The British imperialists were the greatest curse not only on the Chinese people, but also on India and much of the world. It was after the Opium wars that Chinese life-expectancy fell to about 30 or so years - less than 25 years if we look at the poorer segments of Chinese society. Mike Davis' "Victorian Holocausts" stated:
"....the eighteenth century was a golden age (in China) for theoretical and historical work on flood control and canal construction. Civil engineers were canonized and had temples erected in their honor. Confucian activists like Guancheng, with a deep commitment to agricultural intensification, 'tended to give top priority to investments in infrastructure and to consider the organization of food relief merely a makeshift.' Guancheng also wrote a famous manual ... that codified historically tested principles of disaster planning and relief managment: something else that has little precedent in backward European tradition ....
"Unlike their contemporary French counterparts, the farmers of the Yellow River plain (the vast majority of whom owned their land) were neither crushed by exorbitant taxes nor ground down by feudal rents. North China, in particular, was unprecedentedly prosperous by historical standards ... the percentage of the rural population ordinarily living near the edge of starvation - depending, for example, on husks and wild vegetables for a substantia] part of their diet - was less than 2 percent. As a result, epidemic disease, unlike in Europe, was held in check for most of the 'Golden Age.'"
Though the West was catching up in national development, according to Bairoch and later Maddison, "differences in income and wealth ... were relatively slight" (before then, there was, most of the time, simply no comparison in wealth or average life expectancy between the West and China).
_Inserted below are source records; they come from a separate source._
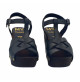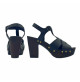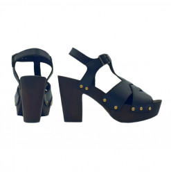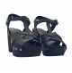 SANDALIAN CON SUELA EFECTO MADERA ANTIDESLIZANTE. CORTE TRENZADO EN CUERO NEGRO ABIERTO FRENTE. CORREAS AJUSTABLES PARA LOS TOBILLOS. TACÓN 9 CM Y PLATAFORMA 3 CM. REALIZACIÓN ARTESANA.
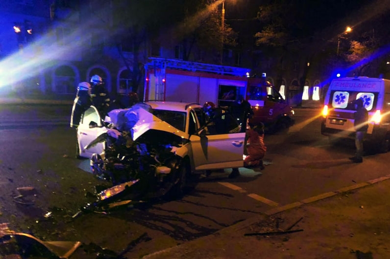Авария произошла около 04:08 понедельника, 7 декабря, на проспекте Богдана Хмельницкого. Сообщается, что на момент ДТП в салоне авто находились два человека - пассажир и водитель, девушка 1985 года рождения.
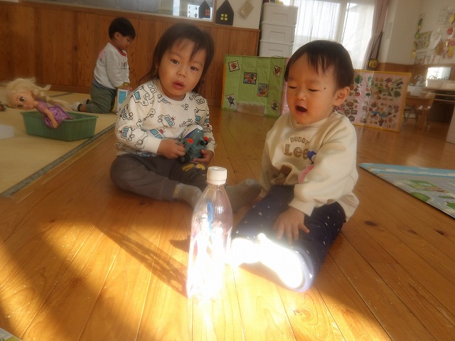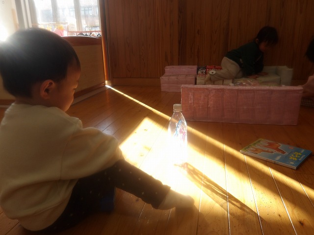 お部屋で遊んでいると、キラキラ太陽が光になって遊びに来てくれます。
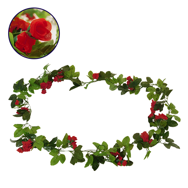 GloboStar® 09014 Τεχνητό Κρεμαστό Φυτό Διακοσμητική Γιρλάντα Μήκους 2.2 μέτρων με 33 X Μικρά Τριαντάφυλλα Κόκκινα
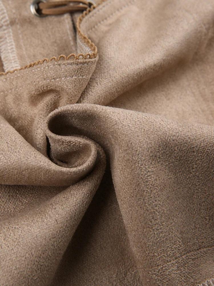 Vintage western meets modern boho in this lace up top. With its scalloped lace collar, faux suede texture, and pointed hem, it’s a statement piece for free-spirited wardrobes. The adjustable front tie lets you style it snug or slouchy—ideal for summer festivals, rooftop hangs, or desert road trips.
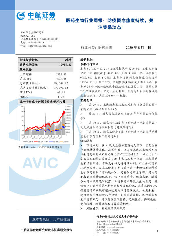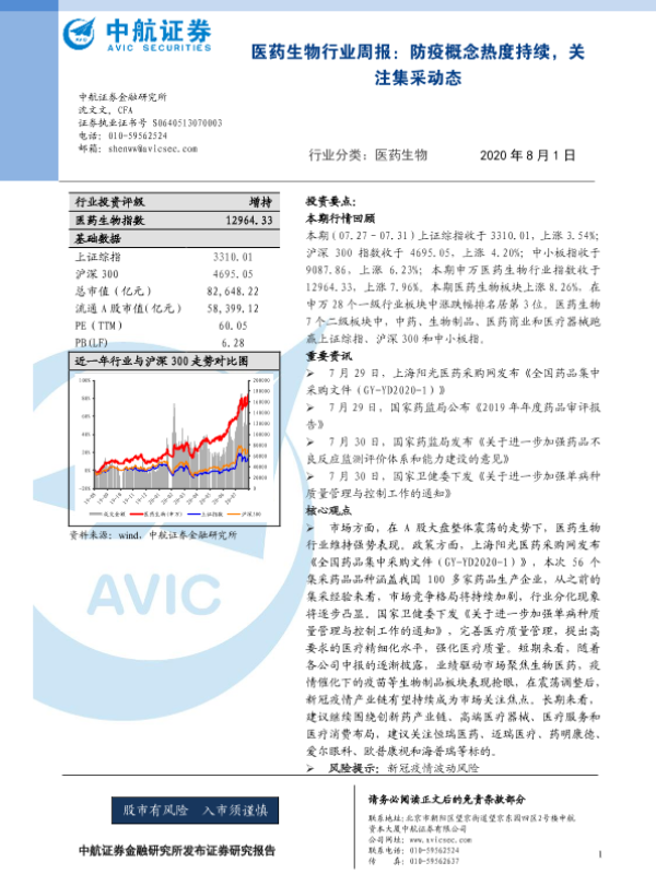 【中航证券】【20200801】医药生物行业周报:防疫概念热度持续,关注集采动态-10页
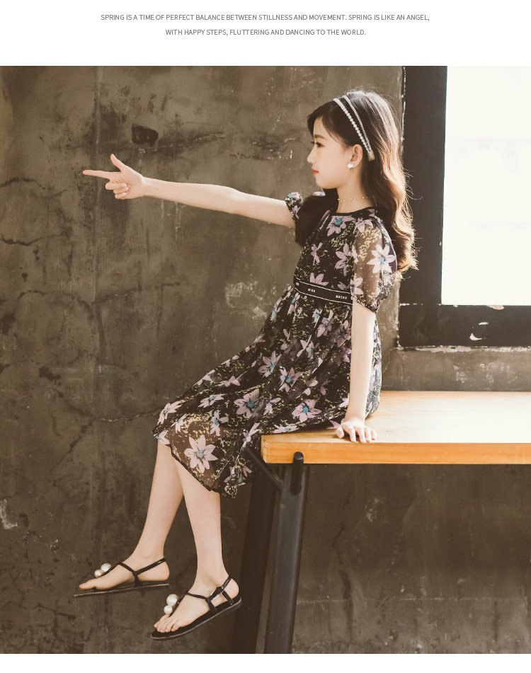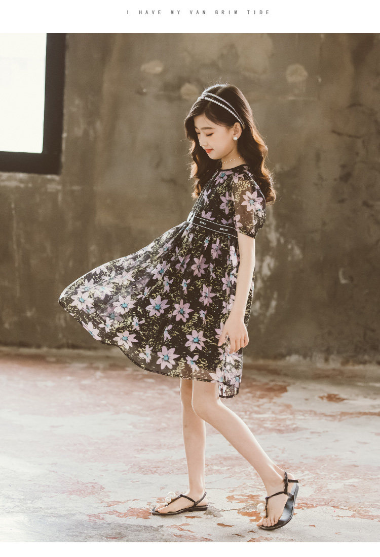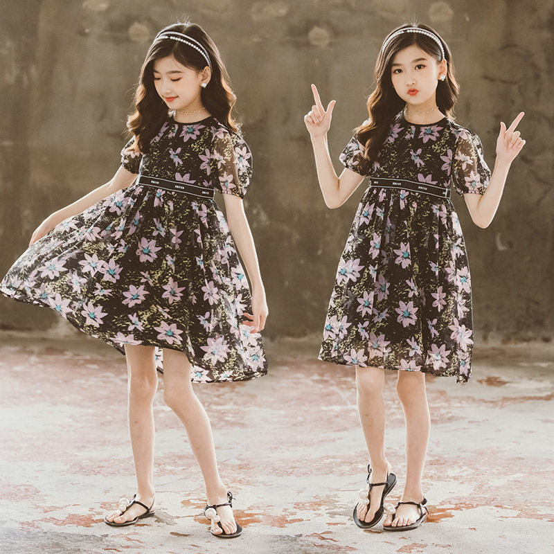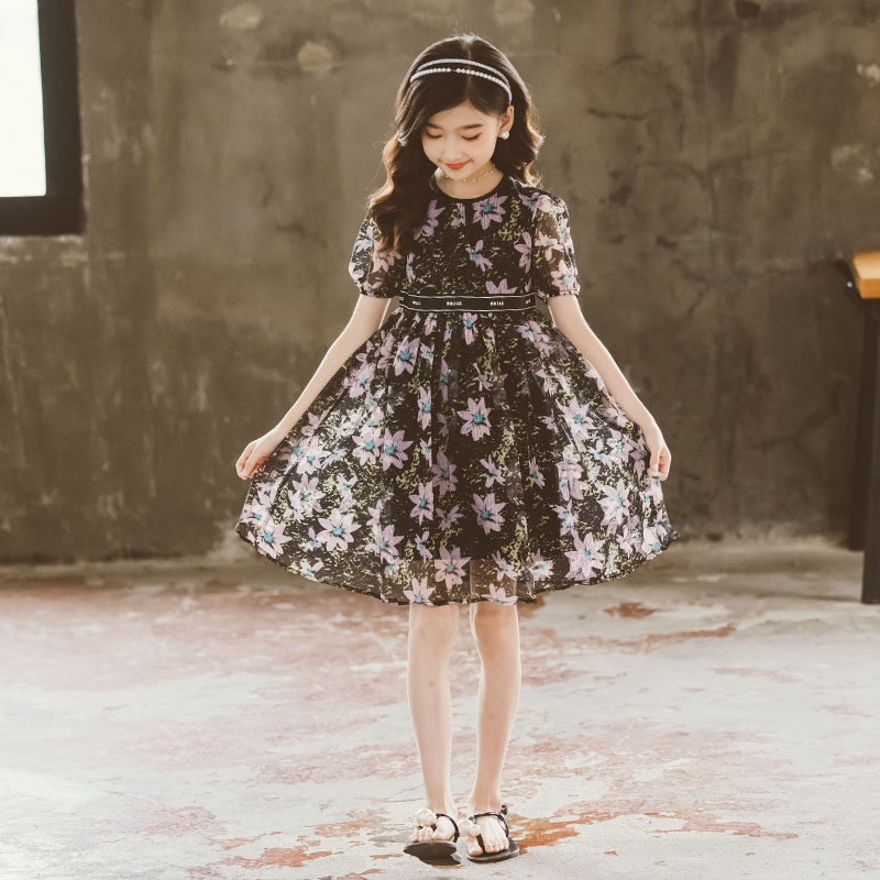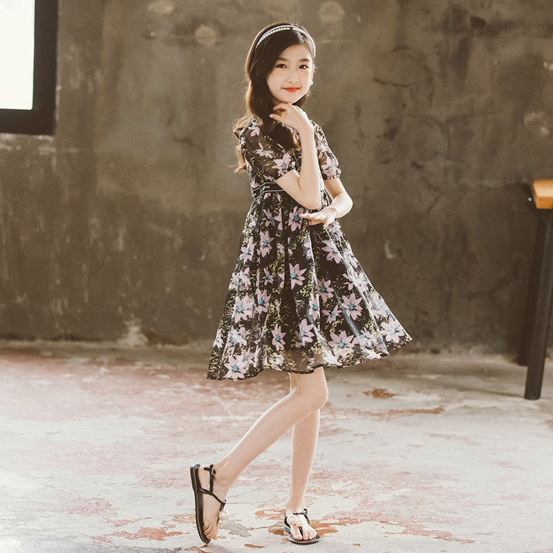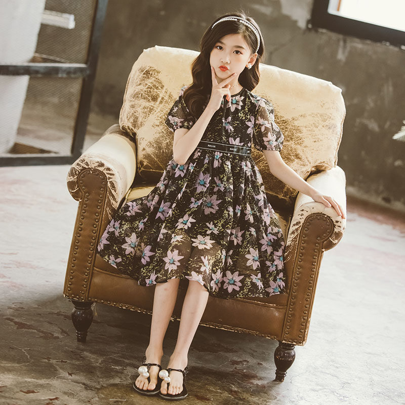 Летнее платье, шифоновая юбка на девочку, наряд маленькой принцессы, в корейском стиле, подходит для подростков, в западном стиле
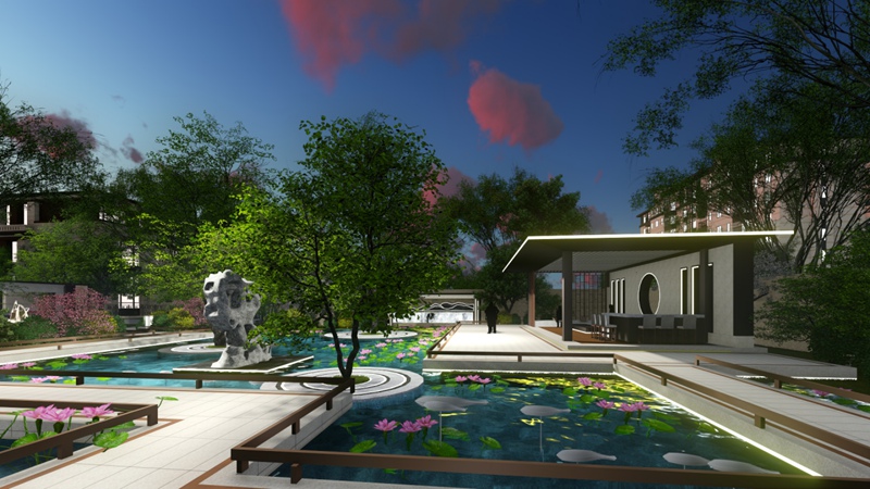 禮儀景觀大道位于園區(qū)景觀主軸線,穿過入戶大堂,首先是“江山影壁”利用框景造園手法,將植株、山石利用景門框成一幅自然山水畫,同時(shí)也起到了很好的分流作用;繞過“江山”至園內(nèi)重點(diǎn)的景觀區(qū)“一池山?!保饘倬W(wǎng)造型山脈與潺潺流水、燈光的完美融合,呈現(xiàn)出一幅立體畫卷;向南沿伸為翰墨閣,用作戶外等候區(qū),也是一個(gè)景觀駐足點(diǎn);依次向南分別是利用LED燈和碎石子鋪成水流漣漪狀的“樹影流徑”和造型雕塑“丹青魅影”;最后是書香十六景中的第六景“荷塘漣漪”,位于景觀中心地帶,貫穿南北區(qū),此處荷花塘設(shè)計(jì)為冬夏兩用,即夏日蓄水為荷花塘,冬日抽干水作兒童游樂廣場(chǎng)。中心縱向景觀層次分明,水景豐富,應(yīng)用LED、金屬小品等現(xiàn)代元素并搭配綠植小品,使得四季皆有景可賞。

Said Bairoch: "It is very likely that, in the middle of the eighteenth century, the average standard of living in Europe was a little bit LOWER than that of the rest of the world. When the sans culottes stormed the Bastille, the largest manufacturing districts in the world were still the Yangzi Delta and Bengal, with Lingan (modern Guangdong and Guangxi) and coastal Madras not far behind." India alone produced one-quarter of world manufactures, and while its "pre-capitalist agrarian labour productivity was probably less than the Japanese-Chinese level, its commercial capital surpassed that of the Chinese."
According the Davis, Prasannan Parthasarathi stated that the stereotype of the Indian laborer as a half-starved wretch in a loincloth collapses in the face of new data about comparative standards of living:"Indeed, there is compelling evidence that South Indian labourers had higher earnings than their British counterparts in the eighteenth century and lived lives of greater financial security." Because the productivity of land was higher in South India, weavers and other artisans enjoyed better diets than average Europeans. More importantly, their unemployment rates tended to be lower because they possessed superior rights of contract and exercised more economic power. But even outcaste agricultural labourers in Madras earned more in real terms than English farm laborers."
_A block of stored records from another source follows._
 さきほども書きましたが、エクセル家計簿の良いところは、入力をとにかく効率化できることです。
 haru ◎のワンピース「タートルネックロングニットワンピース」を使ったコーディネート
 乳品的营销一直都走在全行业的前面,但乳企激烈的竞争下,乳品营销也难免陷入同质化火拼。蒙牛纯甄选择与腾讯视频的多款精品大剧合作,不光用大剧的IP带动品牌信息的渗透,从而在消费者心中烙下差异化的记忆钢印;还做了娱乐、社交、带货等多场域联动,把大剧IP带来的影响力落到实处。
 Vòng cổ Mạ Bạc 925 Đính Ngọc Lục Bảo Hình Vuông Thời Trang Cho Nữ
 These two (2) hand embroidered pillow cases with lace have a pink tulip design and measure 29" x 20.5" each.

"....in the recent forum 'Re-thinking 18th Century China,' Kenneth Pomcranz points to evidence that ordinary Chinese enjoyed a higher standard of consumption than eighteenth-century Europeans: Chinese life expectancy (and thus nutrition) was at roughly English levels (and so above Continental ones) EVEN in the late 1700s. (Chinese fertility was actually lower than Europe's between 1550 and 1850, while its population grew faster; thus mortality must have been low.) Moreover, my estimates of 'non-essential' consumption come out surprisingly high. Sugar consumption works out to between 4.3 and 5.0 pounds per capita ca. 1750 - and much higher in some regions - compared with barely 2 pounds per capita for Europe. China circa 1750 seems to have produced 6-8
lbs. of cotton cloth per capita; its richest area, the Yangzi Delta (population roughly 31 million), probably produced between 12 and 15 lbs. per capita. The UK, even in 1800, produced roughly 13 lbs. of cotton, linen and wool cloth combined per resident, and Continental output was probably below China's."
Will discuss how British aggression, far from "bringing modern concepts" in this or that, destroyed China and India and turned them into Third World nations, later.